From identification to segregation


Oct. 8, 2006, midnight | By Ashley Lau | 14 years ago


This editorial represents the views of the Silver Chips editorial board.

On the first day of school, senior Lauren Atha spent the better part of first period standing in line to receive her new white ID, only to be told that because she wasn't in the Magnet program, she couldn't keep it.

Many Blair students had similar experiences during the first week of school as they were told, one by one, that because they had a brown ID and weren't in the Communication and Arts Program, or because they had a red ID and weren't a freshman, their ID was invalid.

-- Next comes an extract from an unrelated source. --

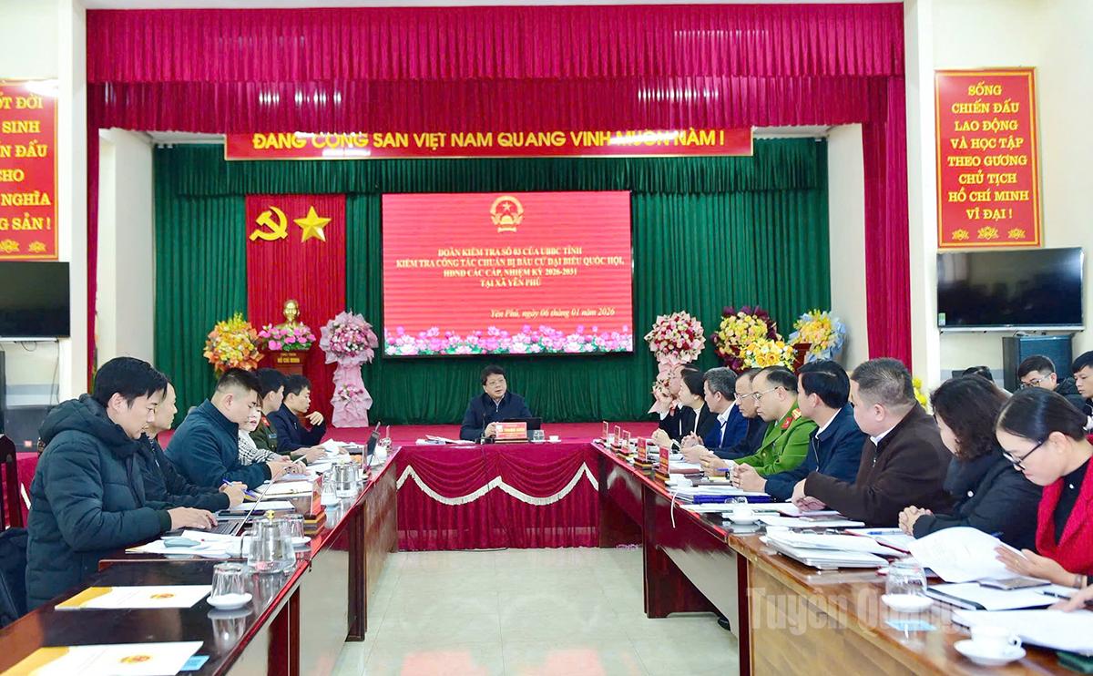 Đoàn kiểm tra số 3 Ủy ban Bầu cử tỉnh kiểm tra công tác chuẩn bị bầu cử tại xã Yên Phú.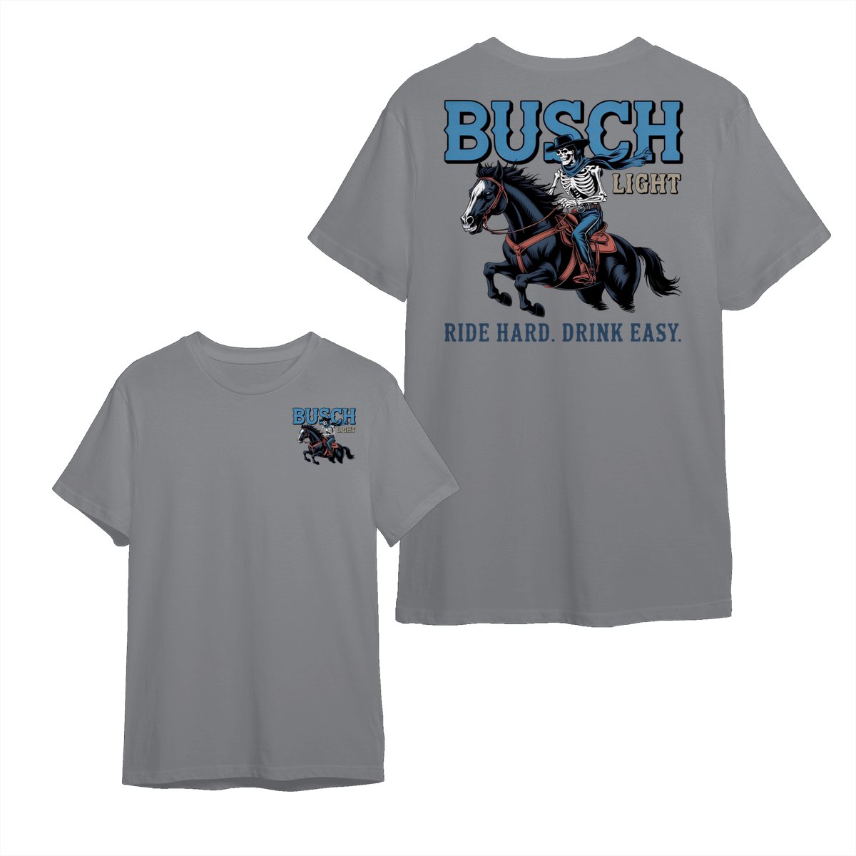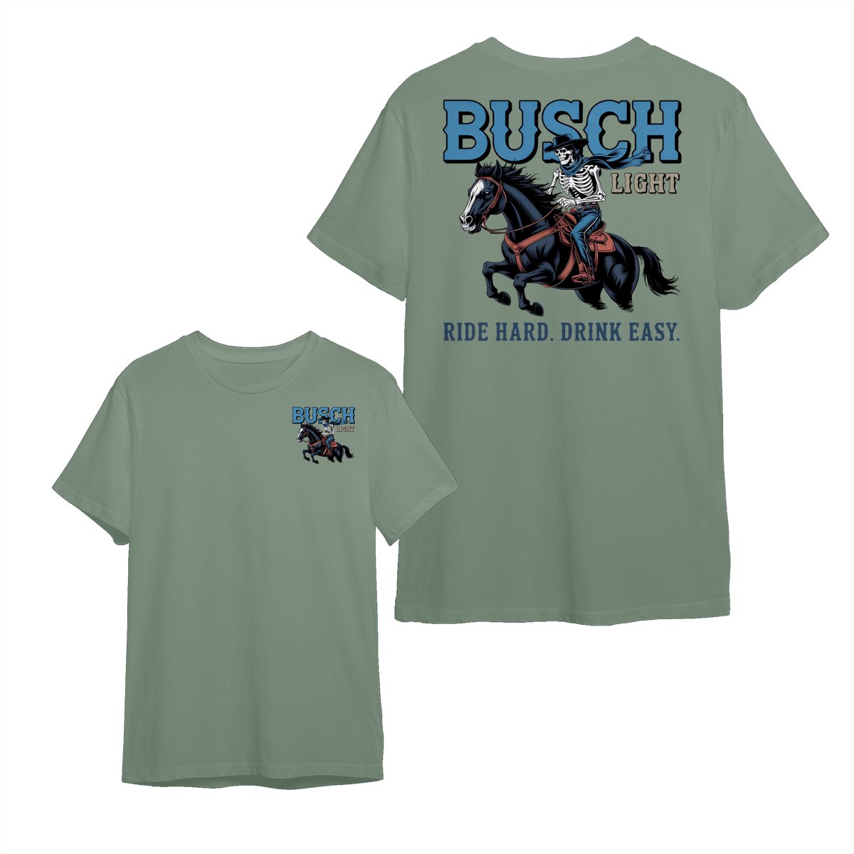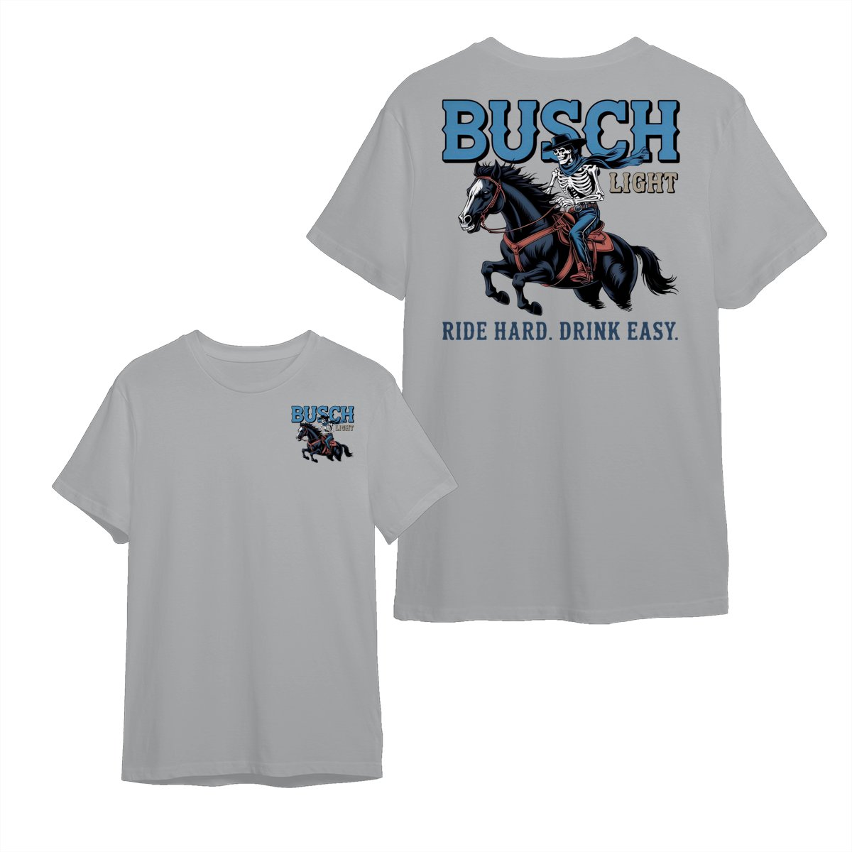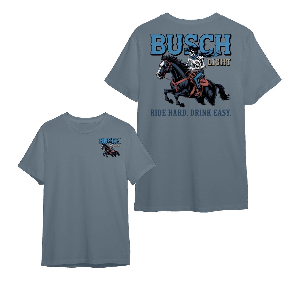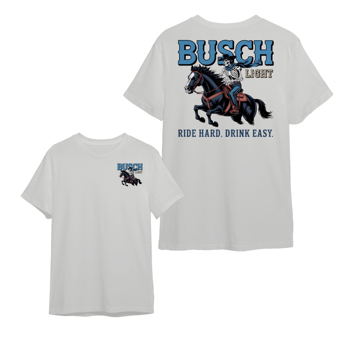 Busch Light Ride Hard Drink Easy T-Shirt – Skeleton Cowboy on Horse Graphic Tee, Vintage Rodeo Country Shirt for Men and Women, Beer Lover Gift Idea.

The new ID policy has left many Blazers questioning exactly why the administration has pigeonholed them into distinct categories by branding them with a specific colored-coded ID.

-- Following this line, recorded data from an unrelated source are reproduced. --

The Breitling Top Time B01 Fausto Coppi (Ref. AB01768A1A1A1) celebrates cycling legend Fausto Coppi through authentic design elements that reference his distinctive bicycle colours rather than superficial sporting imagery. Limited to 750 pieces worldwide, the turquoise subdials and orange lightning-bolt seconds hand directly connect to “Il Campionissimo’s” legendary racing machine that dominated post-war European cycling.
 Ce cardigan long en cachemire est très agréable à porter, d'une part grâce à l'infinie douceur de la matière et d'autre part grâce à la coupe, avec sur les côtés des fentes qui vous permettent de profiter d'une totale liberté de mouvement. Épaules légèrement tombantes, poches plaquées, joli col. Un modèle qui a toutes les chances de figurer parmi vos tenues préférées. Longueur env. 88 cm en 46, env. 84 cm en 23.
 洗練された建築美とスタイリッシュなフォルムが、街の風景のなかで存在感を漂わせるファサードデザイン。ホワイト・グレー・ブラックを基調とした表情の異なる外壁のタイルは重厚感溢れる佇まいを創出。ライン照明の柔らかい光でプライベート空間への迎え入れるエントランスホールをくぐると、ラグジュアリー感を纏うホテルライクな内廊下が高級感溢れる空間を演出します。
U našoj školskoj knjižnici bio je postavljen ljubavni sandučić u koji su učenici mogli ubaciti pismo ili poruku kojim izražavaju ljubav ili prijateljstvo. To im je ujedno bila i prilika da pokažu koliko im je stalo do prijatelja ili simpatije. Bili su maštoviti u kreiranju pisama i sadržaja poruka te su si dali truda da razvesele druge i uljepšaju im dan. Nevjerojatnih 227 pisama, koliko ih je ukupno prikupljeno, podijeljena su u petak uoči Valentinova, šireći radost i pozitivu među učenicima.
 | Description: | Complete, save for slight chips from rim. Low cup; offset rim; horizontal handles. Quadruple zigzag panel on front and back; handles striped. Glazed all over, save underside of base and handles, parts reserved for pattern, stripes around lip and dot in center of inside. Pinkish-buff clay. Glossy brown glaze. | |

Instead of celebrating Blair's diversity, the new ID policy instead reinforces segregation. Self-segregation is already an issue in the student body, and the formal distribution of color-coded IDs has essentially institutionalized the phenomenon.

While the administration's efforts to improve Blair's learning environment through smaller learning communities are commendable, they are counterproductive - instead of building community, they deepen rifts. The ID system has left the student body visibly segregated, alienating students from one another instead of building a welcoming, cohesive environment.

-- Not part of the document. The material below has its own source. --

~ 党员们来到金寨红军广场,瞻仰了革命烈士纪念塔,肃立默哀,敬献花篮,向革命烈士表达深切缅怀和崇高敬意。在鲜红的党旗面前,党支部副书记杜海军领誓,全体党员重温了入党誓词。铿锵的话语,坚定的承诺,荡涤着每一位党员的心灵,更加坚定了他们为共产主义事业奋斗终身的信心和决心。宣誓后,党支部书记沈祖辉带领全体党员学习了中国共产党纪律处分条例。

According to Vice Principal Linda Wanner, teachers can now say, "This is my small little group" and inevitably make students feel "part of a group." The problem is that this "small little group" cannot stay together for all seven or eight classes in a day. If students are encouraged only to identify with other students wearing matching IDs, then Blair's melting pot will segregate into isolated subgroups.

Besides establishing a policy of de facto segregation, the new IDs have unleashed more divisive issues. Students are already being punished for failing to conform to new color-coding protocol. "My daughter was already confronted by Ms. Hurley for wearing a lanyard for a program she is not in," one parent wrote on the PTSA list-serv.

Because two of the programs in Blair are highly selective, students in these programs were already differentiated from the rest of the population. The new IDs have only reinforced the isolation. "We adults have to help by not giving the impression that one academy is any more intrinsically worthwhile than any other," another Blair parent wrote on the list-serv.

By departmentalizing into academies, the new color-coded IDs essentially undermine the multiple talents and interests of a diverse student body. Single-choice academy selection, and the accompanying color classification, leaves little room for the rocket scientist who loves poetry or the journalist who is also a calculus whiz. If students are reprimanded for wearing wrong-colored IDs, then Blair is failing to nurture students into becoming well-rounded, open-minded people.

Besides forcing segregation on the student body, the new IDs consequently exacerbate the hazing of underclassmen. With the issue already prevalent at Blair, the red-colored IDs assigned to freshmen will only further single out younger students for humiliation.

The administration should reconsider the decision to color-code student IDs and include student input in their decision before finalizing the policy. Since this misguided attempt to foster a sense of community was in the name of the students, it is, therefore, the students who the administration should be turning to.

Please click here for coverage of the ID policy and its history.




Ashley Lau. Born in Boston, Ashley is a huge Red Sox fan and sometimes wishes she could just live at Fenway Park. She loves to run, do tae kwon do, travel, cook, go to concerts and has a new obsession with the TV show 24. Someday Ashley … More »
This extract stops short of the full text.